* _WHAT YOU SHOULD DO_
Return the lines of the listing below exactly as they appear, beginning at the one with "The Lothidok Range" and stopping after the one with "サレルノから高速船でアマルフ"; do not include pictures.

(MATERIAL FOR THE TASK begins)

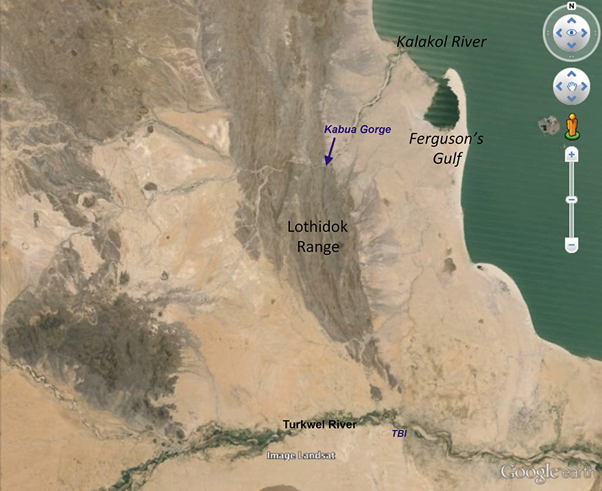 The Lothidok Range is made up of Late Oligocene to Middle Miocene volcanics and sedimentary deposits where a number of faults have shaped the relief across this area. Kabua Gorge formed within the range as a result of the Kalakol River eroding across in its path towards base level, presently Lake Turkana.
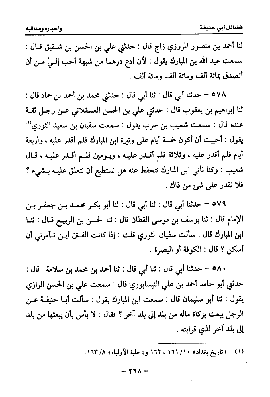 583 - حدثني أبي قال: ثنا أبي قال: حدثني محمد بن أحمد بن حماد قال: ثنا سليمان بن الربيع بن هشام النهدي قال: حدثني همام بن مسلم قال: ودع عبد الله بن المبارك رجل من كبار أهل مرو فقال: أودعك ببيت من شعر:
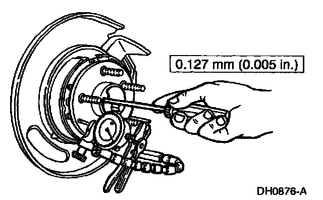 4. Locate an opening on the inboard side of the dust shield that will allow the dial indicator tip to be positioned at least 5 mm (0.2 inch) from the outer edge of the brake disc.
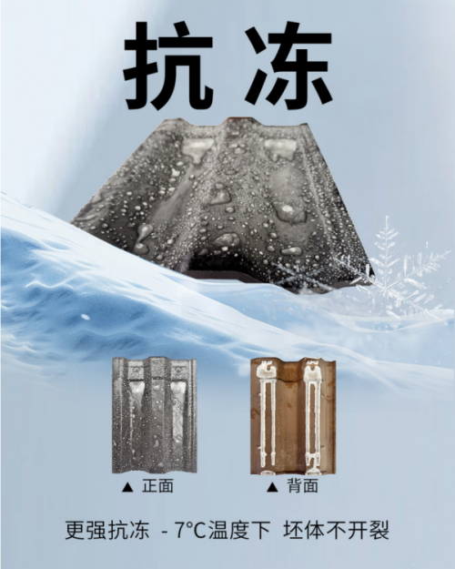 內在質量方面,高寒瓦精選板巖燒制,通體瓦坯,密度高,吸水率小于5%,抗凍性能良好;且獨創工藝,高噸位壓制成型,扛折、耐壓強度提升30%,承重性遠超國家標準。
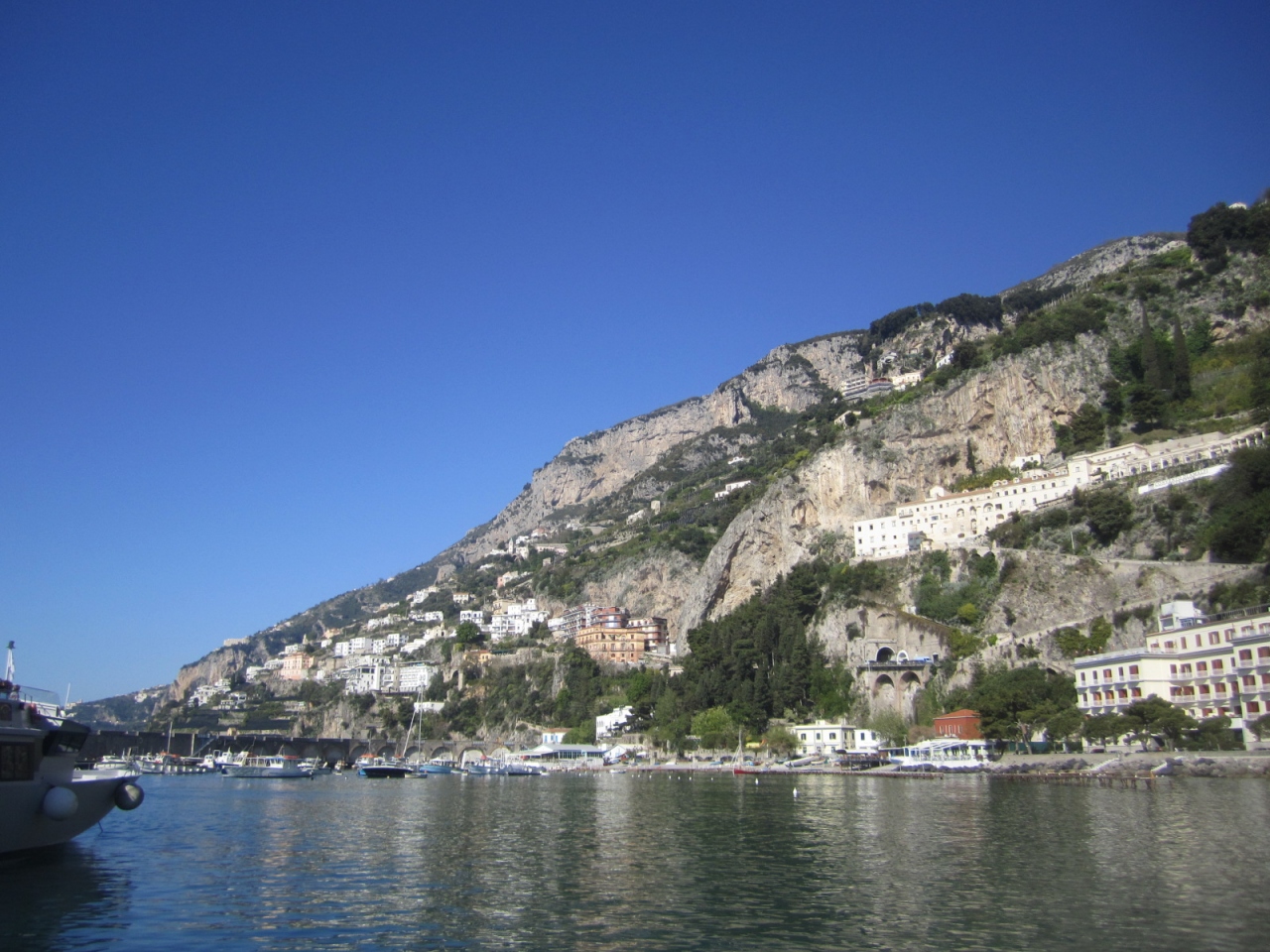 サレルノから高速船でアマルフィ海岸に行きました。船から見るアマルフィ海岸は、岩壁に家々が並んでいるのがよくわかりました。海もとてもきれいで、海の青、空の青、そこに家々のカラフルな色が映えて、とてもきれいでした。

(MATERIAL FOR THE TASK ends)
(MATERIAL FOR THE TASK begins)

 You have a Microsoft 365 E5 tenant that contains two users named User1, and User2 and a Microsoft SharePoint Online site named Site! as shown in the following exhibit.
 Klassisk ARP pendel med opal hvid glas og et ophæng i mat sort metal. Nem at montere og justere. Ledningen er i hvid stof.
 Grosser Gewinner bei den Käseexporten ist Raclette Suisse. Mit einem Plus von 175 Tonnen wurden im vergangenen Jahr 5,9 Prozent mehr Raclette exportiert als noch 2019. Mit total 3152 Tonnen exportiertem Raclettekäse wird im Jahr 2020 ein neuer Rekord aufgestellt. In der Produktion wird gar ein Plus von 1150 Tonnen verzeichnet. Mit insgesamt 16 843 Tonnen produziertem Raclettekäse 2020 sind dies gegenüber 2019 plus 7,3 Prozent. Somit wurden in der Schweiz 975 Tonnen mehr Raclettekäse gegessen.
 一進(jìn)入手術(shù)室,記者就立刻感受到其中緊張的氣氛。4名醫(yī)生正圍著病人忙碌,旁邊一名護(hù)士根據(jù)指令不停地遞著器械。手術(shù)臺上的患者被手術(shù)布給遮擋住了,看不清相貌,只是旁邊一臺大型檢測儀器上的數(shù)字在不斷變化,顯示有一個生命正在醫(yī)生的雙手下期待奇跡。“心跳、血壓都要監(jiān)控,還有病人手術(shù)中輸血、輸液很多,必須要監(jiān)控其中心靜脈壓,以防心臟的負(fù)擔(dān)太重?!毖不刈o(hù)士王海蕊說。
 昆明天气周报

(MATERIAL FOR THE TASK ends)
(MATERIAL FOR THE TASK begins)

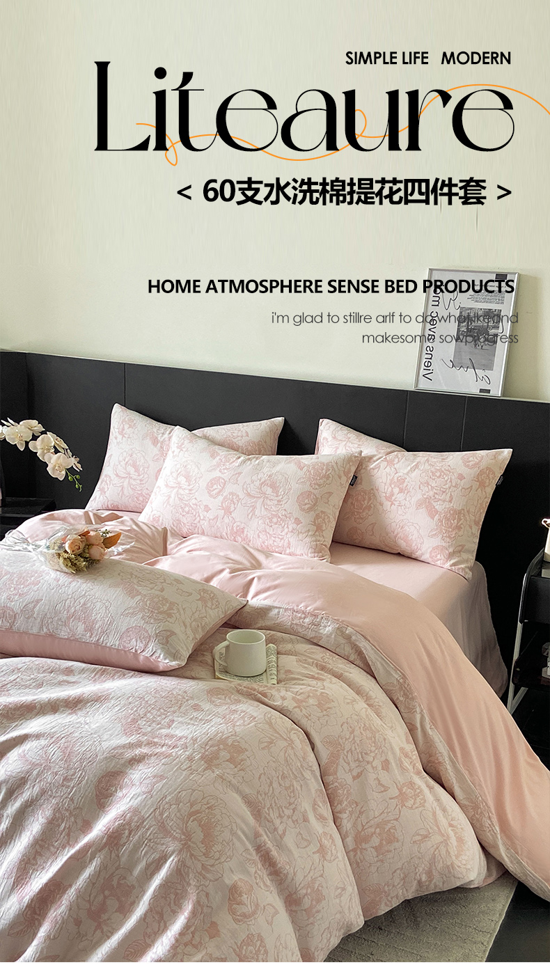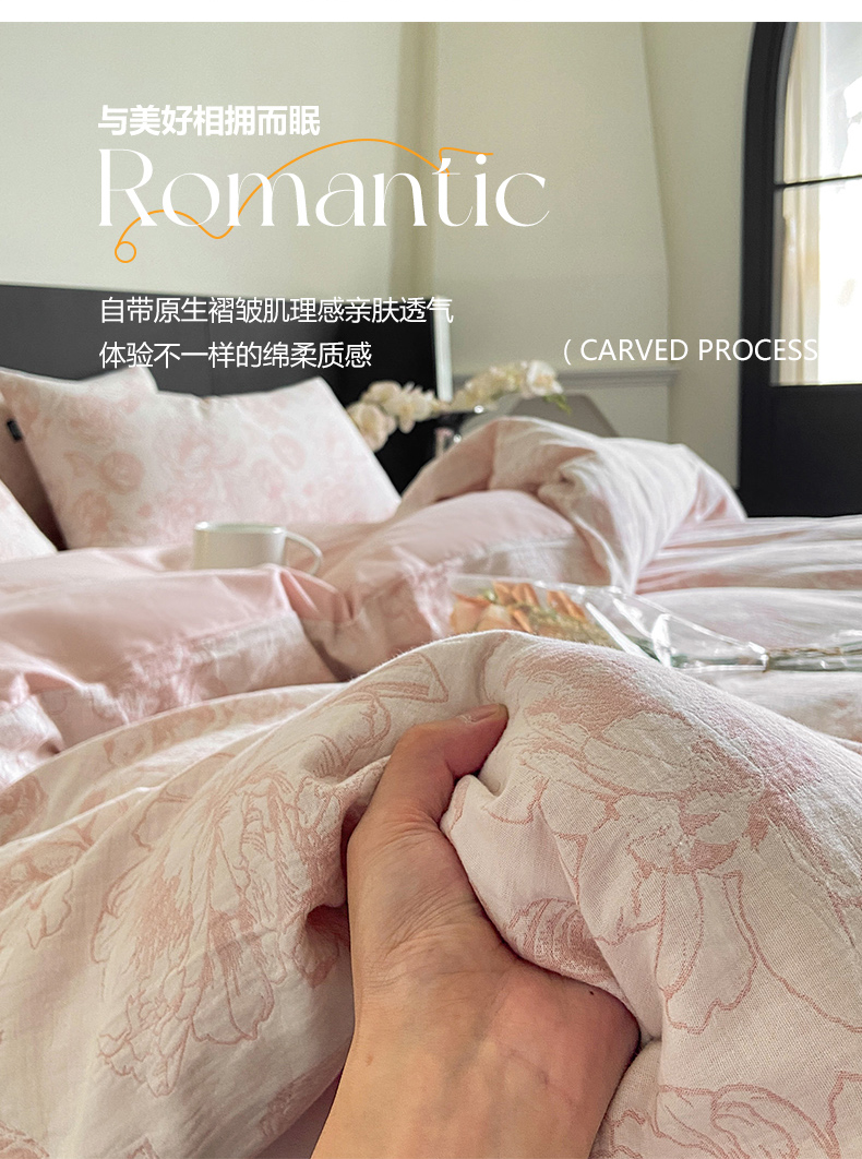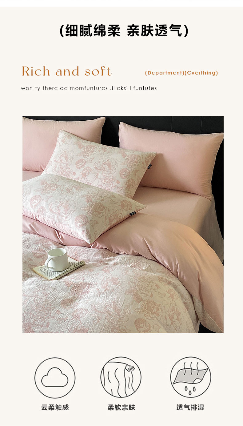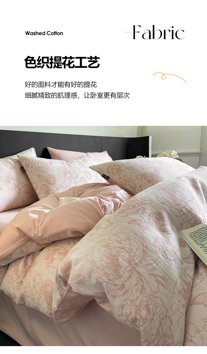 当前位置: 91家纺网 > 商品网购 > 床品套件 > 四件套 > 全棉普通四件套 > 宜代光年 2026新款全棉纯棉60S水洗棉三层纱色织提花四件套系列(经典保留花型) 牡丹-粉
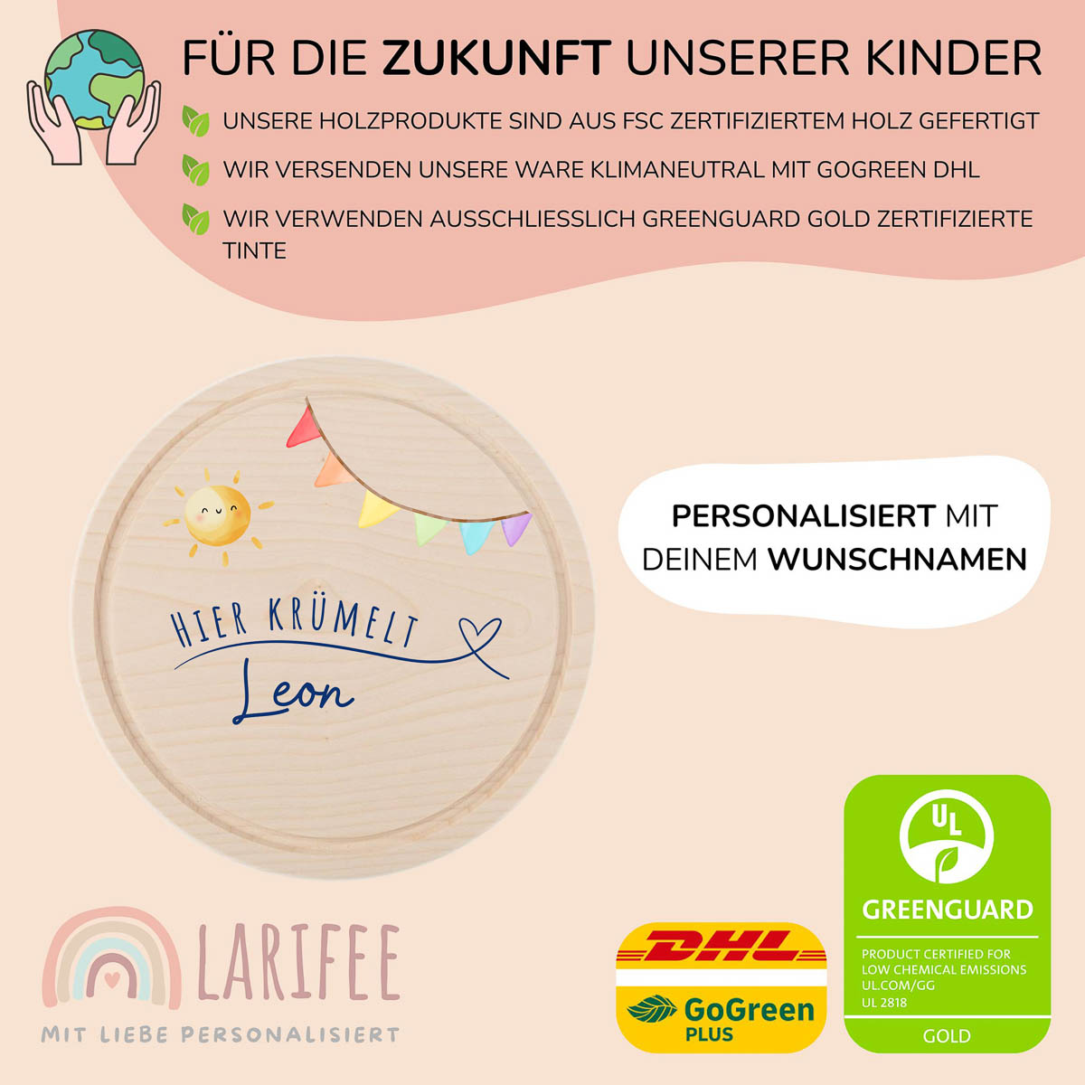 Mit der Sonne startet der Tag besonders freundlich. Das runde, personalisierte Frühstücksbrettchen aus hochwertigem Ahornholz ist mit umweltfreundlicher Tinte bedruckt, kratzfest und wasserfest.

(MATERIAL FOR THE TASK ends)

* _WORKED SOLUTION_
 The Lothidok Range is made up of Late Oligocene to Middle Miocene volcanics and sedimentary deposits where a number of faults have shaped the relief across this area. Kabua Gorge formed within the range as a result of the Kalakol River eroding across in its path towards base level, presently Lake Turkana.
 583 - حدثني أبي قال: ثنا أبي قال: حدثني محمد بن أحمد بن حماد قال: ثنا سليمان بن الربيع بن هشام النهدي قال: حدثني همام بن مسلم قال: ودع عبد الله بن المبارك رجل من كبار أهل مرو فقال: أودعك ببيت من شعر:
 4. Locate an opening on the inboard side of the dust shield that will allow the dial indicator tip to be positioned at least 5 mm (0.2 inch) from the outer edge of the brake disc.
 內在質量方面,高寒瓦精選板巖燒制,通體瓦坯,密度高,吸水率小于5%,抗凍性能良好;且獨創工藝,高噸位壓制成型,扛折、耐壓強度提升30%,承重性遠超國家標準。
 サレルノから高速船でアマルフィ海岸に行きました。船から見るアマルフィ海岸は、岩壁に家々が並んでいるのがよくわかりました。海もとてもきれいで、海の青、空の青、そこに家々のカラフルな色が映えて、とてもきれいでした。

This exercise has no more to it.